2014年 9月14日 「数えよ、主の恵み」

9月14日聖日礼拝説教要旨

マタイによる福音書182135

「数えよ主の恵み」山本一牧師

●隣の芝生は青く見える ということわざがあります。英語で「The grass is always greener on the other side of the fence」です。いつの時代もどの国でも他人の持っている物や言動が気になるようです。決してそれは幸せには繋がらないと分かっていながらも、隣の芝生の青さ(良い点)やまたその欠点に目を注ぎます。そんな私たちに聖書は、私たちが本当に幸せになるために何を見るべきかを教えてくれます。

●今日の箇所はイエス・キリストが「人を赦す」ということについて弟子達に語られたという場面です。弟子の一人ペトロがイエスに尋ねます「主よ、兄弟がわたしに対して罪を犯したなら、何回赦すべきでしょうか。7回までですか。」(21) 。「3度までは赦しがあるが4度目は赦されない」というユダヤ教のラビの言葉があるように当時はおおむね3度までだと教えられていたようです。しかし、ペトロはイエス様の寛容な教えはそれを上回るだろうと思ったのか、それを少し増やして思い切って「7回までですか」と尋ねます。

 それに対してイエスさまは「7回どころか770倍するまで」(22)とお答えになりました。もちろん、この数字は文字通りに490回ではなく、聖書において完全数を現す7のさらに70倍、つまり「数えられない程」ということを表します。イエス様は「罪を数える事をやめ、どこまでもゆるしてあげなさい」と教えられたのです。そもそも、ペトロは「何回赦せばいいですか」と問うていますが、その他人の罪を数えるという生き方自体を主イエスが鋭く、問われたのだといえるでしょう。実に人の罪を数え上げている間中、そこには本当の赦しというものは一度もないからです。

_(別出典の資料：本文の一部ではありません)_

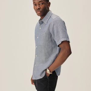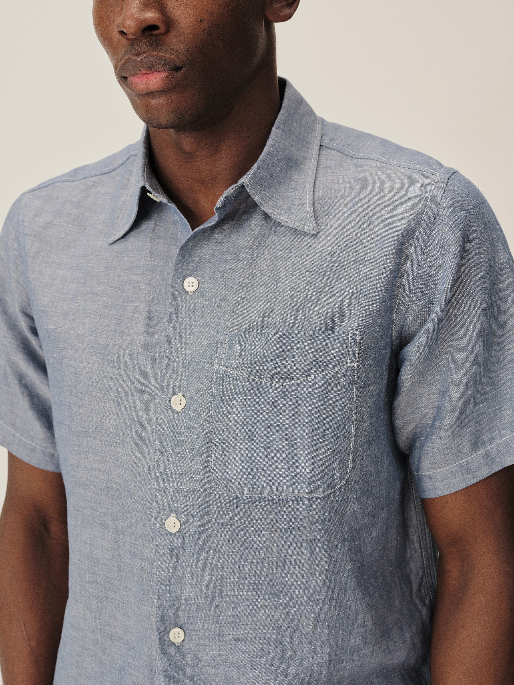 The quintessential short sleeve button-up in a classic fit inspired by a 1940s uniform shirt from our archives. Cut from a lightweight cotton linen blend with a breathable open weave. Details include a perfectly-proportioned point collar, a single chest pocket, and a curved hem.

●そして興味深いのは、「天の国はつぎのように例えられる」と神の国、つまり「永遠の幸せ」について語られているのです。この後半のたと  え話は、主君である王様に借金を帳消しにしてもらったある家来が、自分の仲間の借金は赦さず、主君に「不届きな家来だ。お前が頼んだから借金を帳消しにしてやったのだ。お前も自分の仲間を哀れんでやるべきではなかったのか」と言われ牢獄に入れられてしまうという話です。

 このたとえ話を通してイエスさまが語られたのは「どこまでも他人の罪を数えあげ、赦そうとしない生き方には救いは無く、一方、自分がどれだけ神によって赦されているかという事を覚え、数え、この世で自分もまた、赦して生きるところに、本当に自由な救われた者の生き方があるんだ」ということ教えているのです。

●そしてこの譬えの最も大切な点は、ほかならぬ神ご自身が、主イエスキリストのゆえに、私たち人間の罪を数えない、いや、むしろ数えた分だけ許しを与えておられるというメッセージなのです。常に私たちはこの神の恵みに目を向けて生きたいのです。そこに神の国の生き方(永遠の幸せ)が隠されているからです。

 私たちは他人を見ながら自分の駄目な部分や人生のマイナス点、失った物ばかりを数えがちです。ある人は「罪」とは、「不満足病だ」と言いました。罪は、飽き足りることを知らず、感謝することを知らない事だというのです。私たちこの病がから癒されるためにも、主の恵みを数えたいのです。 

●「望みも消えゆくまでに、世の嵐に悩むとき数えてみよ、主の恵み、なが心は安きを得ん。数えよ主の恵み、数えよ主の恵み、数えよひとつづつ数えてみよ、主の恵み」

砂山(いさやま)節子という方は戦中戦後満州で宣教し、夫と二人の息子を失い、目が見えなくなるというその過酷な人生のただ中で、この歌を思い起こし、神の恵みを一つづつ数え、心の平安を得たといいます。「熱河宣教の記録」より。

 砂山さんはどのような状況でも、私たちは神の恵みを数える事ができると教えています。私たちもまた、人の罪ではなく、主の恵みを数えてご一緒に歩んでまいりましょう。